Живущие в подполье - Фернандо Намора
Шрифт:
Интервал:
Закладка:
XV
Вот вспорхнула стайка голубей. Внимание Васко, все еще стоящего у окна, привлекло хлопанье крыльев, которого не мог заглушить даже уличный шум. Они летели над крышами, кружа меж телевизионных антенн, словно резвые подростки, играющие в какую-то игру. Голуби не хотели пересекать ущелье проспекта или забираться в поисках приключении высоко в небо. Они не доверяли городу и боялись высоты. Их жизненное пространство было, словно школьный двор, огорожено стеной. В своем стремлении поскорей разрастись город брал приступом фермы, оставляя позади себя очаги сопротивления, которые потом методически завоевывал и разрушал: голубей, хижины, деревья, выросшие прежде, чем появились проспекты; крестьян, не принятых в круг городских жителей, которые всегда суетятся и не задумываются над тем, что заставляет их суетиться. Такой очажок упорно продолжал существовать на задворках здания напротив дома Барбары. Архитекторы, созидатели городского улья, еще не пришли сюда, на эту пустошь, со своей техникой, чтобы крушить, копать, перемалывать, пока мощные машины не сотрут с лица земли следы прошлого огороды, ветхие лачуги, непокорные деревья и бедняков, назовем их деклассированными элементами, тех самых, что однажды так взволновали Жасинту своими клоунскими лохмотьями и напомнили ей голодных воробьев на хлебном поле, — бедняков, тех самых, что чинят и строят для себя новые клетки, которые рано или поздно будут сметены зимними ветрами или бульдозерами.

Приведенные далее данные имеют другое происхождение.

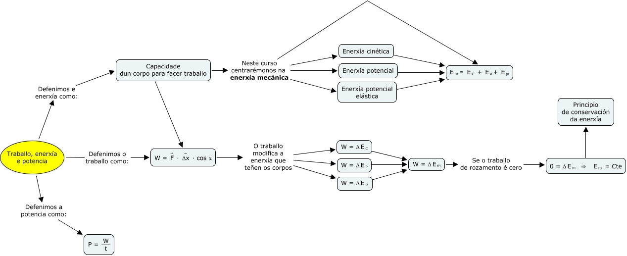Este mapa conceptual ten información relativa a: traballo4eso, Traballo, enerxía e potencia Defenimos a potencia como: <math xmlns="http://www.w3.org/1998/Math/MathML"> <mrow> <mtext> P = </mtext> <mfrac> <mtext> W </mtext> <mtext> t </mtext> </mfrac> </mrow> </math>, <math xmlns="http://www.w3.org/1998/Math/MathML"> <mrow> <mtext> W = Δ </mtext> <mmultiscripts> <mtext> E </mtext> <mtext> P </mtext> <none/> </mmultiscripts> </mrow> </math> ???? <math xmlns="http://www.w3.org/1998/Math/MathML"> <mrow> <mtext> W = Δ </mtext> <mmultiscripts> <mtext> E </mtext> <mtext> m </mtext> <none/> </mmultiscripts> </mrow> </math>, Capacidade dun corpo para facer traballo Neste curso centrarémonos na enerxía mecánica Enerxía potencial elástica, <math xmlns="http://www.w3.org/1998/Math/MathML"> <mrow> <mtext> W = Δ </mtext> <mmultiscripts> <mtext> E </mtext> <mtext> C </mtext> <none/> </mmultiscripts> </mrow> </math> ???? <math xmlns="http://www.w3.org/1998/Math/MathML"> <mrow> <mtext> W = Δ </mtext> <mmultiscripts> <mtext> E </mtext> <mtext> m </mtext> <none/> </mmultiscripts> </mrow> </math>, Traballo, enerxía e potencia Defenimos e enerxía como: Capacidade dun corpo para facer traballo, <math xmlns="http://www.w3.org/1998/Math/MathML"> <mrow> <mtext> W = Δ </mtext> <mmultiscripts> <mtext> E </mtext> <mtext> Pl </mtext> <none/> </mmultiscripts> </mrow> </math> ???? <math xmlns="http://www.w3.org/1998/Math/MathML"> <mrow> <mtext> W = Δ </mtext> <mmultiscripts> <mtext> E </mtext> <mtext> m </mtext> <none/> </mmultiscripts> </mrow> </math>, <math xmlns="http://www.w3.org/1998/Math/MathML"> <mrow> <mtext> W = </mtext> <munderover> <mtext> F </mtext> <none/> <mtext> → </mtext> </munderover> <mtext> · </mtext> <munderover> <mtext> Δx </mtext> <none/> <mtext> → </mtext> </munderover> <mtext> · cos α </mtext> </mrow> </math> O traballo modifica a enerxía que teñen os corpos <math xmlns="http://www.w3.org/1998/Math/MathML"> <mrow> <mtext> W = Δ </mtext> <mmultiscripts> <mtext> E </mtext> <mtext> C </mtext> <none/> </mmultiscripts> </mrow> </math>, <math xmlns="http://www.w3.org/1998/Math/MathML"> <mrow> <mtext> W = Δ </mtext> <mmultiscripts> <mtext> E </mtext> <mtext> m </mtext> <none/> </mmultiscripts> </mrow> </math> Se o traballo de rozamento é cero <math xmlns="http://www.w3.org/1998/Math/MathML"> <mrow> <mtext> 0 = Δ </mtext> <mmultiscripts> <mtext> E </mtext> <mtext> m </mtext> <none/> </mmultiscripts> <mtext> ⇒ </mtext> <mmultiscripts> <mtext> E </mtext> <mtext> m </mtext> <none/> </mmultiscripts> <mtext> = Cte </mtext> </mrow> </math>, Enerxía cinética ???? <math xmlns="http://www.w3.org/1998/Math/MathML"> <mrow> <mmultiscripts> <mtext> E </mtext> <mtext> m </mtext> <none/> </mmultiscripts> <mtext> = </mtext> <mmultiscripts> <mtext> E </mtext> <mtext> C </mtext> <none/> </mmultiscripts> <mtext> + </mtext> <mmultiscripts> <mtext> E </mtext> <mtext> p </mtext> <none/> </mmultiscripts> <mtext> + </mtext> <mmultiscripts> <mtext> E </mtext> <mtext> pl </mtext> <none/> </mmultiscripts> </mrow> </math>, Capacidade dun corpo para facer traballo Neste curso centrarémonos na enerxía mecánica Enerxía cinética, Capacidade dun corpo para facer traballo ???? <math xmlns="http://www.w3.org/1998/Math/MathML"> <mrow> <mtext> W = </mtext> <munderover> <mtext> F </mtext> <none/> <mtext> → </mtext> </munderover> <mtext> · </mtext> <munderover> <mtext> Δx </mtext> <none/> <mtext> → </mtext> </munderover> <mtext> · cos α </mtext> </mrow> </math>, <math xmlns="http://www.w3.org/1998/Math/MathML"> <mrow> <mtext> 0 = Δ </mtext> <mmultiscripts> <mtext> E </mtext> <mtext> m </mtext> <none/> </mmultiscripts> <mtext> ⇒ </mtext> <mmultiscripts> <mtext> E </mtext> <mtext> m </mtext> <none/> </mmultiscripts> <mtext> = Cte </mtext> </mrow> </math> ???? Principio de conservación da enerxía, Traballo, enerxía e potencia Defenimos o traballo como: <math xmlns="http://www.w3.org/1998/Math/MathML"> <mrow> <mtext> W = </mtext> <munderover> <mtext> F </mtext> <none/> <mtext> → </mtext> </munderover> <mtext> · </mtext> <munderover> <mtext> Δx </mtext> <none/> <mtext> → </mtext> </munderover> <mtext> · cos α </mtext> </mrow> </math>, Capacidade dun corpo para facer traballo Neste curso centrarémonos na enerxía mecánica <math xmlns="http://www.w3.org/1998/Math/MathML"> <mrow> <mmultiscripts> <mtext> E </mtext> <mtext> m </mtext> <none/> </mmultiscripts> <mtext> = </mtext> <mmultiscripts> <mtext> E </mtext> <mtext> C </mtext> <none/> </mmultiscripts> <mtext> + </mtext> <mmultiscripts> <mtext> E </mtext> <mtext> p </mtext> <none/> </mmultiscripts> <mtext> + </mtext> <mmultiscripts> <mtext> E </mtext> <mtext> pl </mtext> <none/> </mmultiscripts> </mrow> </math>, Enerxía potencial ???? <math xmlns="http://www.w3.org/1998/Math/MathML"> <mrow> <mmultiscripts> <mtext> E </mtext> <mtext> m </mtext> <none/> </mmultiscripts> <mtext> = </mtext> <mmultiscripts> <mtext> E </mtext> <mtext> C </mtext> <none/> </mmultiscripts> <mtext> + </mtext> <mmultiscripts> <mtext> E </mtext> <mtext> p </mtext> <none/> </mmultiscripts> <mtext> + </mtext> <mmultiscripts> <mtext> E </mtext> <mtext> pl </mtext> <none/> </mmultiscripts> </mrow> </math>, <math xmlns="http://www.w3.org/1998/Math/MathML"> <mrow> <mtext> W = </mtext> <munderover> <mtext> F </mtext> <none/> <mtext> → </mtext> </munderover> <mtext> · </mtext> <munderover> <mtext> Δx </mtext> <none/> <mtext> → </mtext> </munderover> <mtext> · cos α </mtext> </mrow> </math> O traballo modifica a enerxía que teñen os corpos <math xmlns="http://www.w3.org/1998/Math/MathML"> <mrow> <mtext> W = Δ </mtext> <mmultiscripts> <mtext> E </mtext> <mtext> Pl </mtext> <none/> </mmultiscripts> </mrow> </math>, Capacidade dun corpo para facer traballo Neste curso centrarémonos na enerxía mecánica Enerxía potencial, <math xmlns="http://www.w3.org/1998/Math/MathML"> <mrow> <mtext> W = </mtext> <munderover> <mtext> F </mtext> <none/> <mtext> → </mtext> </m
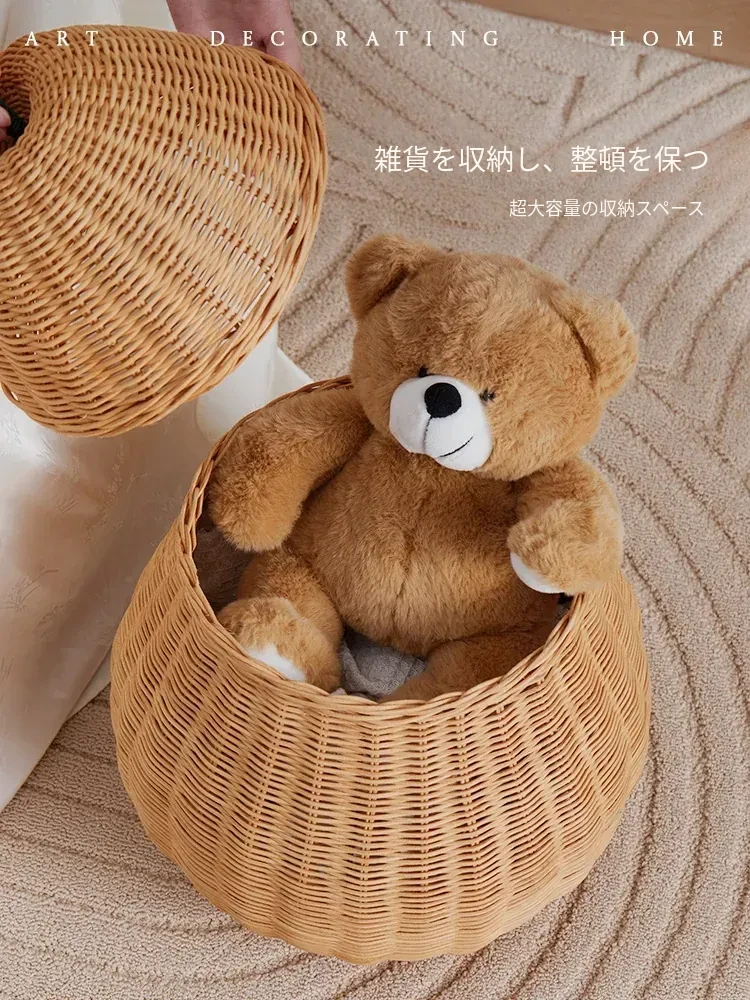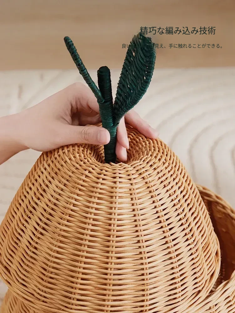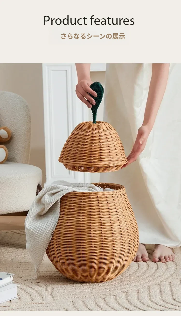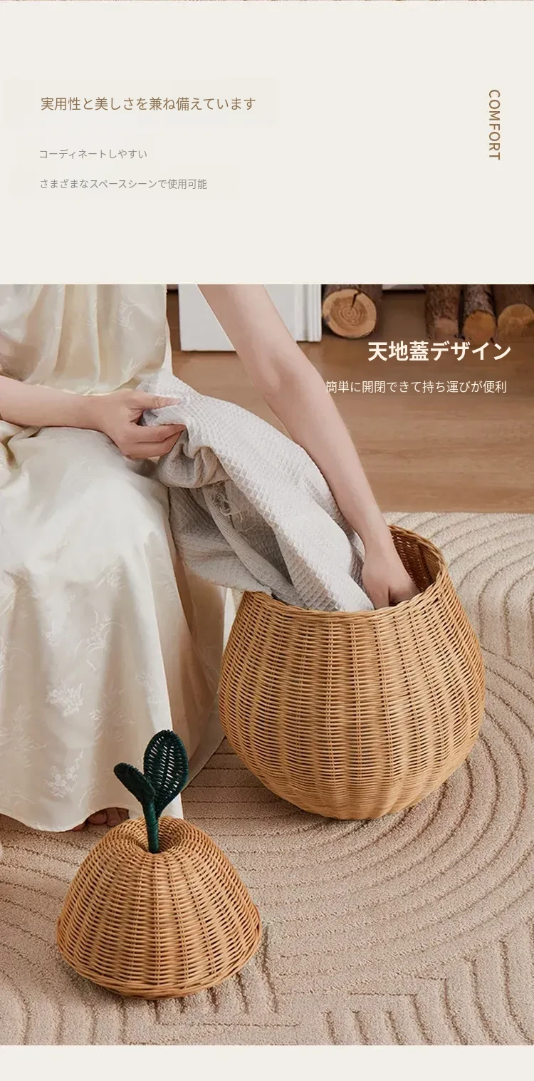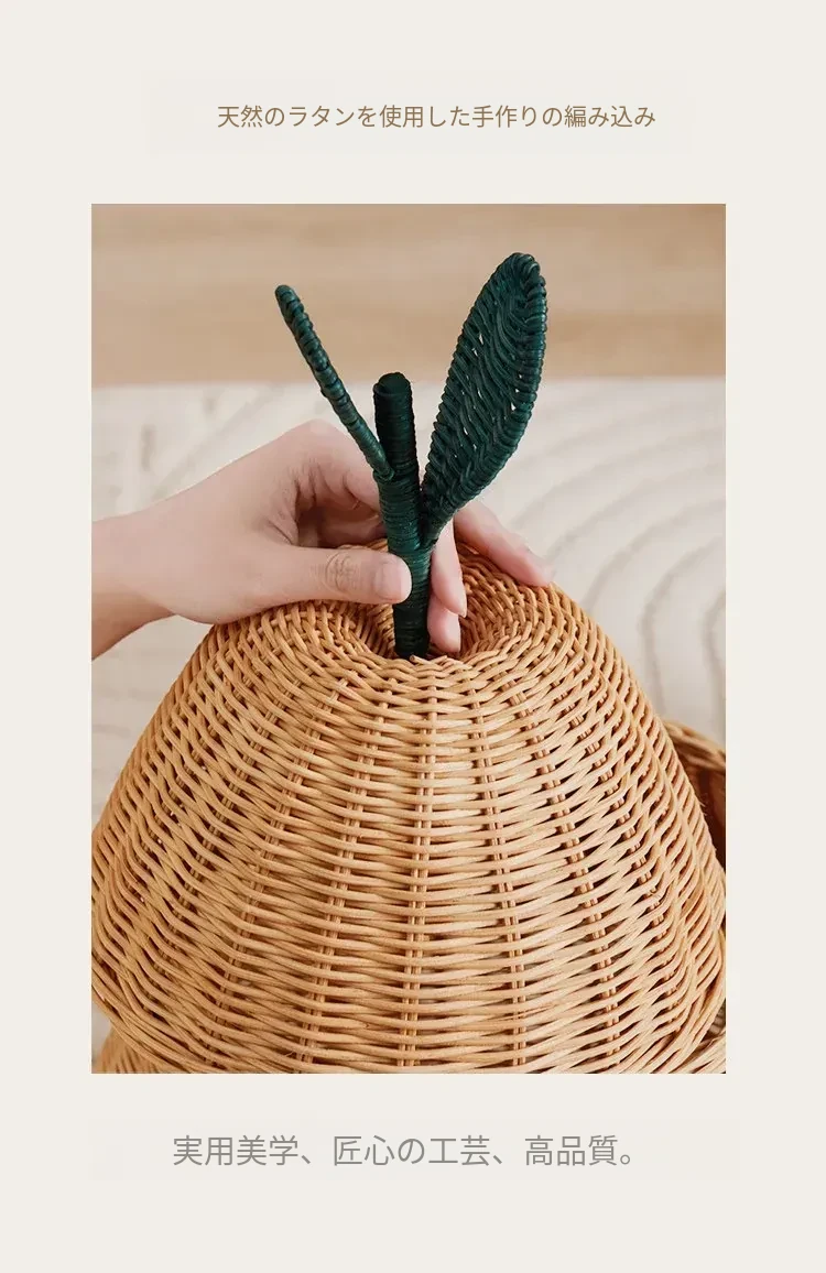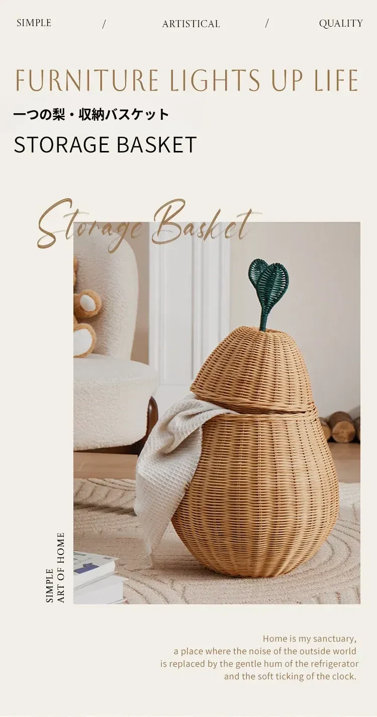 手作藤編みの梨型ランドリーバスケット - お部屋の整理整頓に最適!おもちゃやお菓子なども収納できる、可愛いデザインでリビングや寝室にぴったり。おしゃれで機能的なアイテムをぜひお試しください!

Клетки для людей и для птиц. Клетки без решеток. Вот почему голуби летали весело и неутомимо, не боясь самолетов, этих птиц города.
На задворках здания напротив стыдливо прятались от глаз горожан груды ржавого железа, почерневшего от сырости дерева, зловонные помойки, сотрясающиеся от ветра лачуги, белье на веревке, надутое, как парус, и бедняки со своими голубями. Высунувшись из окна пятого этажа, из окна без занавесок ("На днях я сменю гардины, да и мебель тоже, или хотя бы сделаю перестановку; поменяешь мебель местами — и уже будто что-то новое в комнате, ты не замечал?"), Васко с наслаждением следил за их веселым полетом. Он забыл о времени, о том, что ждет Жасинту. И все же скоро, чтобы избежать нареканий Барбары (индианки Барбары или Нурии?), он снова опустит жалюзи, простится с неугомонными голубями, которые были свободны, даже когда не пользовались своей свободой, и вернется домой со спокойной совестью.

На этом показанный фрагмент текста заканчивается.